- [What is being asked]: Exactly as written, transcribe the data from its opening line through the line containing "Спаситель знал об". Leave every picture out.

- [Provided information]:

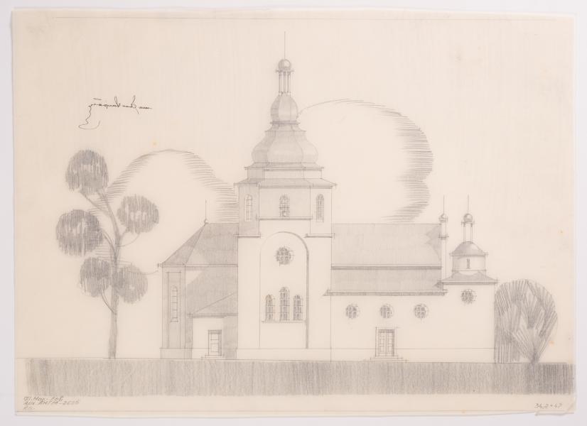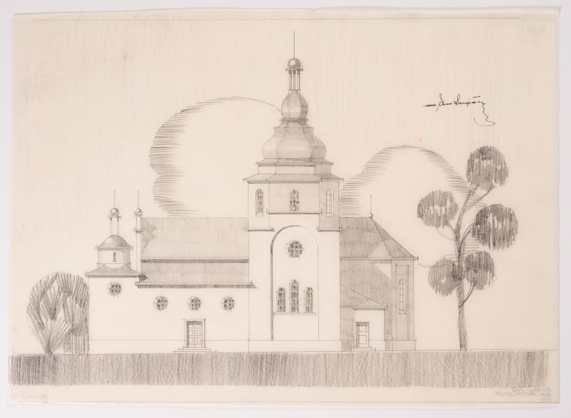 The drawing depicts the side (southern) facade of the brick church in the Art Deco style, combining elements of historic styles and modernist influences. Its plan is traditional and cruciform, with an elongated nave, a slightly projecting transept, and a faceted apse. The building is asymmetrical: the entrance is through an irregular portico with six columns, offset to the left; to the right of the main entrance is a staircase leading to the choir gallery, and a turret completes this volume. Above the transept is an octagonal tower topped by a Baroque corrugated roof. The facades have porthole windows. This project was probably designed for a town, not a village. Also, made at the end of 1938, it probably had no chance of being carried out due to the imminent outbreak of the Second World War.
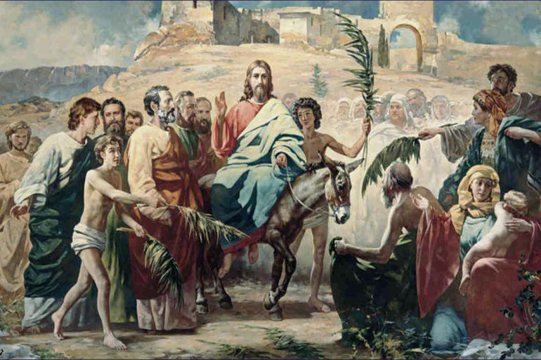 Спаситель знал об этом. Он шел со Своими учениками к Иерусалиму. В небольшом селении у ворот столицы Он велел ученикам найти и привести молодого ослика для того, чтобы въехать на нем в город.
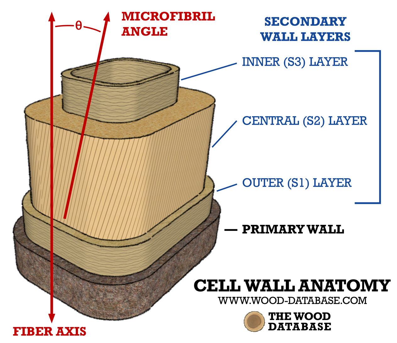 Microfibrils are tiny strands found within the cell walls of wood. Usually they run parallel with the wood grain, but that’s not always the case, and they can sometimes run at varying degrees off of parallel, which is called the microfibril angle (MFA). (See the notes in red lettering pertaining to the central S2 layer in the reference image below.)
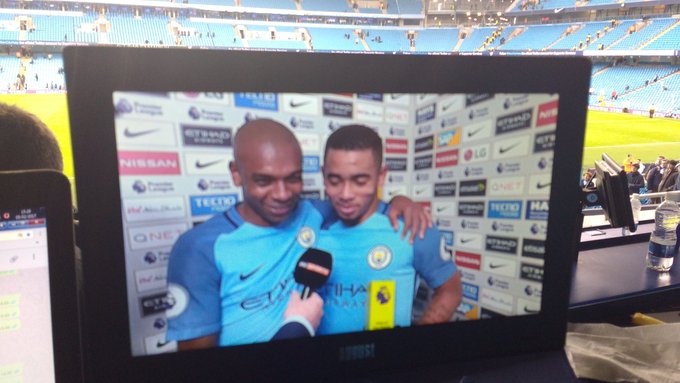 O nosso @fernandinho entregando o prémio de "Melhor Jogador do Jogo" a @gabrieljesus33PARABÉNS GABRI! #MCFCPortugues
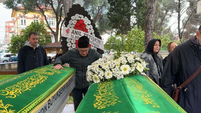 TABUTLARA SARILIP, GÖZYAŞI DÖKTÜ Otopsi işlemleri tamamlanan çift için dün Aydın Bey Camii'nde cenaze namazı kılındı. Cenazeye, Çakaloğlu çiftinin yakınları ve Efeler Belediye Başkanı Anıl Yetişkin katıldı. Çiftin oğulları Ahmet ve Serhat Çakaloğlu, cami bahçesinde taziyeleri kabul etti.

- [Exercise answer]:
 The drawing depicts the side (southern) facade of the brick church in the Art Deco style, combining elements of historic styles and modernist influences. Its plan is traditional and cruciform, with an elongated nave, a slightly projecting transept, and a faceted apse. The building is asymmetrical: the entrance is through an irregular portico with six columns, offset to the left; to the right of the main entrance is a staircase leading to the choir gallery, and a turret completes this volume. Above the transept is an octagonal tower topped by a Baroque corrugated roof. The facades have porthole windows. This project was probably designed for a town, not a village. Also, made at the end of 1938, it probably had no chance of being carried out due to the imminent outbreak of the Second World War.
 Спаситель знал об этом. Он шел со Своими учениками к Иерусалиму. В небольшом селении у ворот столицы Он велел ученикам найти и привести молодого ослика для того, чтобы въехать на нем в город.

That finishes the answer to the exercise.